┌──

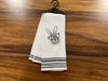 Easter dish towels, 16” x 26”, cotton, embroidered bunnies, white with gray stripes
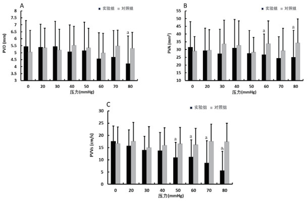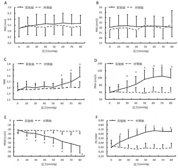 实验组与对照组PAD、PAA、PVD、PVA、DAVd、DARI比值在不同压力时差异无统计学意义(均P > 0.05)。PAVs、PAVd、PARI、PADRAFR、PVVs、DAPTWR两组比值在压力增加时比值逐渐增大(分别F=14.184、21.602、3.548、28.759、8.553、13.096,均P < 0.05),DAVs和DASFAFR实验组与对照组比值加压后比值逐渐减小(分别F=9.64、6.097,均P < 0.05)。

└──
┌──

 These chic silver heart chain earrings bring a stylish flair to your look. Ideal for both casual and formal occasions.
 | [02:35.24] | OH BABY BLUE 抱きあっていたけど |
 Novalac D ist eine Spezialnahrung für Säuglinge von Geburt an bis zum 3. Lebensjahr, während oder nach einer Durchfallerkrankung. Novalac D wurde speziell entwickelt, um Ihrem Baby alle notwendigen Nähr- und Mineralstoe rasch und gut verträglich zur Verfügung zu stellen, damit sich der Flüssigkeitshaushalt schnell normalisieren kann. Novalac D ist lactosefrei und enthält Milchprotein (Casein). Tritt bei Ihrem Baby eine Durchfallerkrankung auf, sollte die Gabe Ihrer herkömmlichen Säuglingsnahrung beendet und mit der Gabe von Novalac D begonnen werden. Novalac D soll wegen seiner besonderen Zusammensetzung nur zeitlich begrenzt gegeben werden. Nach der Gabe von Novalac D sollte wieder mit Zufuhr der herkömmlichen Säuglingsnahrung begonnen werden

└──

• [Aim of the exercise]: Return only the part above that opens with the line containing "with gray stripes" and closes with the line containing "0.05),DAVs和DASFAFR实验组与对照组比值加压后比值逐渐减小(分别F=9.64、6.097,均P < 0.05)。", exactly and with both ends, skipping the pictures.

• [Answer to the problem]:
 Easter dish towels, 16” x 26”, cotton, embroidered bunnies, white with gray stripes
 实验组与对照组PAD、PAA、PVD、PVA、DAVd、DARI比值在不同压力时差异无统计学意义(均P > 0.05)。PAVs、PAVd、PARI、PADRAFR、PVVs、DAPTWR两组比值在压力增加时比值逐渐增大(分别F=14.184、21.602、3.548、28.759、8.553、13.096,均P < 0.05),DAVs和DASFAFR实验组与对照组比值加压后比值逐渐减小(分别F=9.64、6.097,均P < 0.05)。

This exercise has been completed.